Наверняка что-то еще есть, думала она, что-то у Гереги есть на Леву. Он скользкий, Герега, ну и Лева тоже скользкий стал. Чиновник, типичный чиновник, и взгляд рыбий, и женился он тогда из-за карьеры, Римма же из такой семьи! Я всегда думала, если что, он мне поможет, Лева, а он сам ничего не может, жалкий такой, нет, мне не на кого надеяться, я совсем-совсем одна. И эта тварь меня съест. Наверняка это она меня подставила, всю контору подставила, не может быть, чтобы она не чувствовала, что там неладно что-то, она же такая сильная, самая сильная, наверное, во всей конторе, может, во всем городе даже, потому ее и держат, без образования, без ничего…
– Так я пойду? – устало спросил Лев Семенович, как-то сразу погаснув.

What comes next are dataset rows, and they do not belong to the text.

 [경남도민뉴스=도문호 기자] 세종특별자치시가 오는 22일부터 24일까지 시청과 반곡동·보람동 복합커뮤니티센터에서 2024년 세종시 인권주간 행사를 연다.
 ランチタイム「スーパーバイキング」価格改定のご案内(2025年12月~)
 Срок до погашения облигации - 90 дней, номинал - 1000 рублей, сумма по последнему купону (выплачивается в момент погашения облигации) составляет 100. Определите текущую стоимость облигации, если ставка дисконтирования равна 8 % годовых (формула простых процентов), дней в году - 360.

Какой он низенький, подумала Петрищенко, а раньше я и не замечала. И лысинка эта, круглая.
– Лева, – сказала она, помолчав, – у нас в конторе есть такая Катюша, знаешь?

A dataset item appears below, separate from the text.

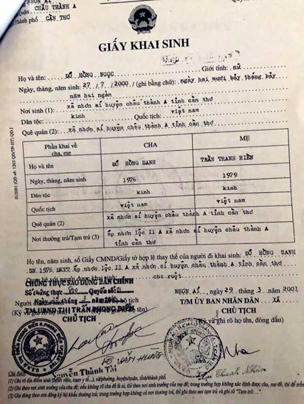 Giấy khai sinh của võ sĩ Đỗ Hồng Ngọc do gia đình cung cấp, để chứng minh giới tính của VĐV này là nữ.

Вася шел, ссутулившись и спрятав руки в карманы. У штормовки много карманов, за это он ее и любил. А в карманах можно разместить всякие важные вещи, мелкие, но важные. Если меня связать и бросить в море, думал Вася, даже не надо наталкивать в карманы мелкие монеты, как гангстеры делали, меня и так потянет на дно.
Некоторое время он почему-то думал о штормовке, о содержимом карманов, например, о складном ноже с очень хорошей отверткой, маленькими ножницами и еще несколькими полезными приспособлениями, и сами мысли были маленькие, но отчетливые и дельные, как эти приспособления, думать такие мелкие мысли было приятно и безопасно. Он шел и смотрел вниз, под ноги, вернее, на носки кедов, на белые их мыски, под подошвы уходили желтые листья и стремительные полосатые тени. Неожиданно стало холодно. Он поднял воротник штормовки, ссутулился и огляделся.

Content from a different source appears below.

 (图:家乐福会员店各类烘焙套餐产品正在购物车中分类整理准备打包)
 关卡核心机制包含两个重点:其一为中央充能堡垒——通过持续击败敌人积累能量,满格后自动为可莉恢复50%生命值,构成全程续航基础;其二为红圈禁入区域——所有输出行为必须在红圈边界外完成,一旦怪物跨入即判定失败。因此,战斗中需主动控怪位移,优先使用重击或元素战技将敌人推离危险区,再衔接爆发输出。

Тучи разошлись, над головой сияли холодные белые звезды, и под этими звездами, отбрасывая на землю тени, что-то перемещалось, словно гонимые ветром клочки мрака, трубя заунывно, проносясь по звездам, по холодным белым облакам, по разрывам между ними.
Вася стоял, запрокинув голову и приоткрыв рот. Тени вокруг него стали стремительно вращаться, плотная тень от платана, спутанная – от акаций, прямая – от фонарного столба; тени, полосы теней, все сдвинулось с места, под ногами у него сновали другие, пушистые тени, мохнатые комки мрака, и все они, словно перекати-поле, подпрыгивая и ударяясь о землю, неслись на восток, на восток, на восток, и везде, везде, по всей пустынной ночной земле стоял тоскливый вой. Маленькие жалобные голоса, мяуканье, словно кошки, сотни кошек сорвались с места, и все это неслось мимо него, а деревья вращались, и вращались над головой страшные белые звезды, и на восток, на восток неслась, всхлипывая и трубя, дикая охота…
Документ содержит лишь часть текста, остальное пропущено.